ロシア土産のマトリョーシカ、ずんぐりした形の人形で、ひねると上下に分かれて、中から一回り小さい人形が出てくる。それを開けると、さらに小さい人形が出てくる。また、それを開けるともう一つの人形が、次々と出てくることがユーモラスである。

だれもがロシアの古くからの工芸品ではと思っていると思うが、実は、19世紀末ころ、「子どもの教育」という玩具・雑貨店の付属工房で製作されたのが始まりのようである。手作りの素朴な民芸玩具ではなく、最初から都会の店で販売することを目的とした。

では、日本ルーツ説はどこから来ているのであろうか。著者は、2007年のNHKテレビ「ロシア語会話」の番組で、モスクワ州セルギェフ・ポサードのおもちゃ博物館の館員が、マトリョーシカの生れたいきさつを説明しているのを見たことから興味を持ったそうである。

その館員は、二説あるとし、一つは、日本の人形から生れたというもの、二つ目は、昔からの木工ろくろの技術で、復活祭の卵の入れ子などを作っており、これが起源となったというものだと説明した。

日本起源説は、日本の入れ子七福神だというもので、日本の本州からもたらされたものだという説がソ連で言い始められたが、その起源が外国にあったとすることへの反発もある。

箱根で、幕末か明治初年に一人挽きろくろが登場したことで、挽き物の生産効率が上がり、入れ子細工のような小さく薄い挽物の大量生産が可能となり、入れ子七福神などの挽き物玩具を作り、輸出をし始めた。

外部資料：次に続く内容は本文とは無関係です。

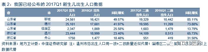 虽然2016年新生儿数量都已经是2000年以来最高出生人口的年份,但考虑到政策的传导时间和怀孕的生理周期,新增新生儿数量的爆发预计从2016年四季度才开始,2017年才会全面体现出来。从已经公布的各地区数据看,2017Q1新生儿出生数量增长显著加快,聊城和德州的新生儿数量同比增长40%以上,淄博和温州也到达了20%以上,2017年新生儿人数有望超预期增长,二胎政策红利正步入业绩兑现期。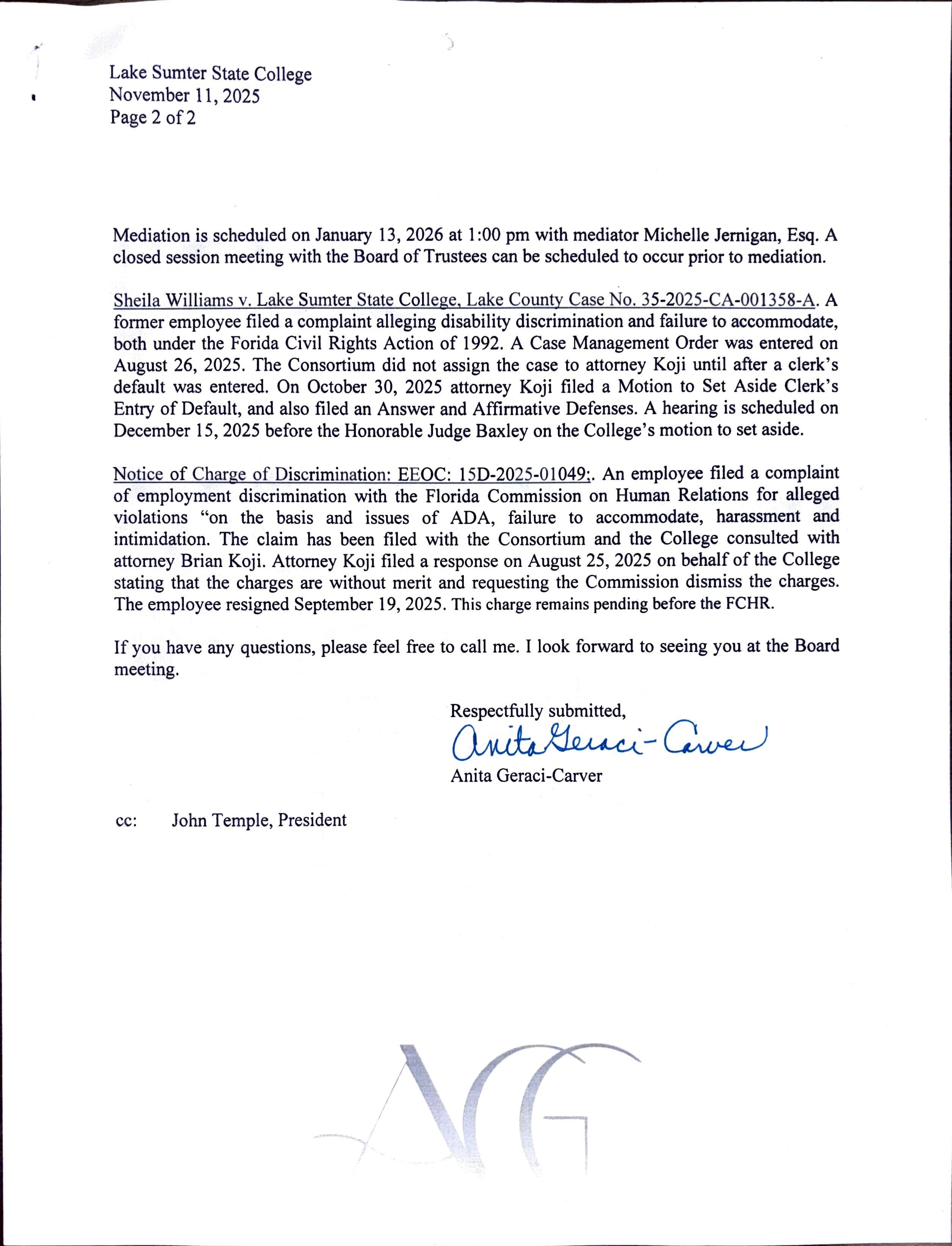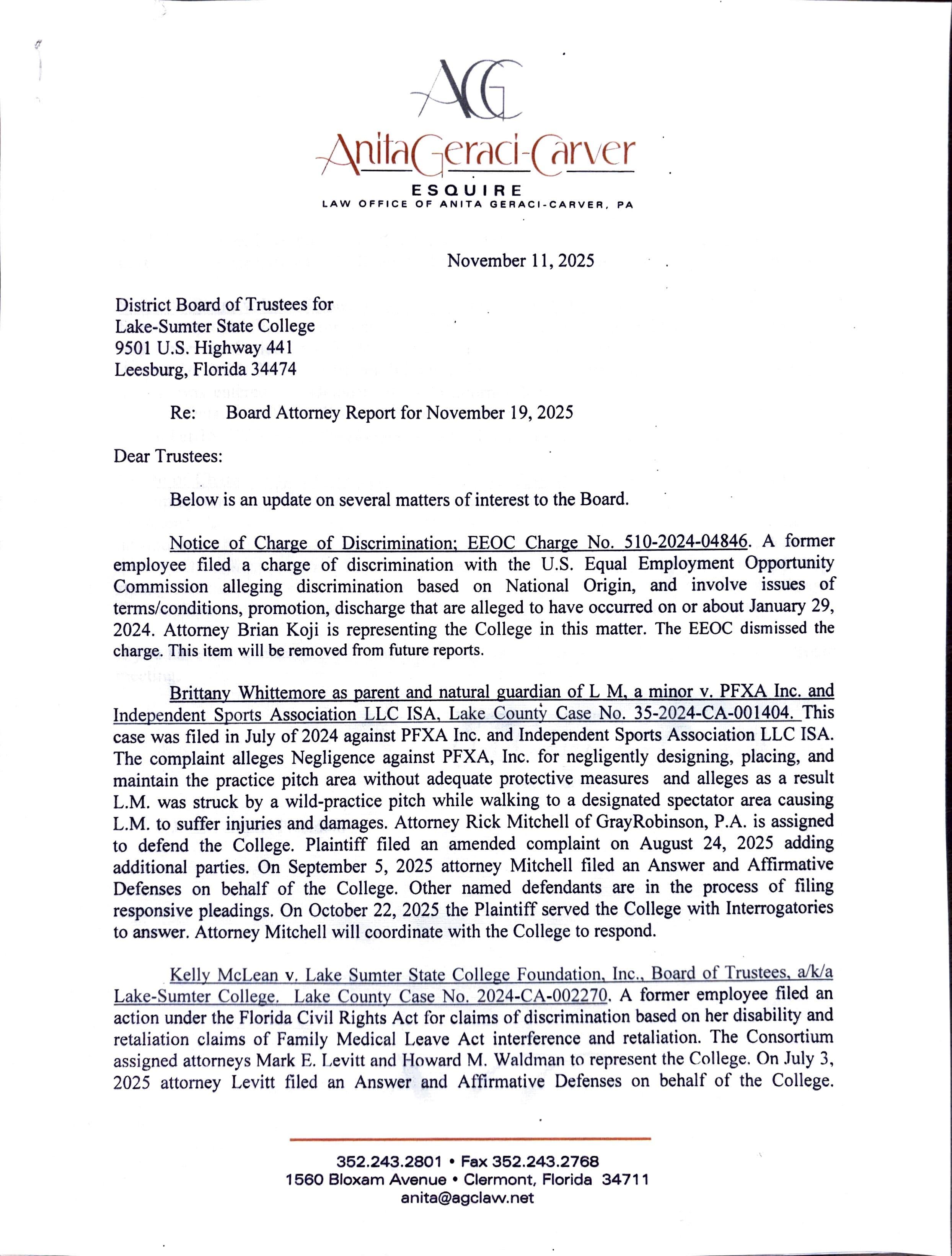 ON BEHALF OF THE DISTRICT BOARD OF TRUSTEES OF LAKE-SUMTER STATE COLLEGE

著者が、ロシアに行くたびに、マトリョーシカについて聴き取りしたほか、日本国内でも調査をしてまとめたものが本書である。マトリョーシカなど、玩具について興味がある人ばかりでなく、木地師など木工技術に興味がある人は読む価値があると思う。ロシア民俗学を専門とする著者であり、内容が信頼できる。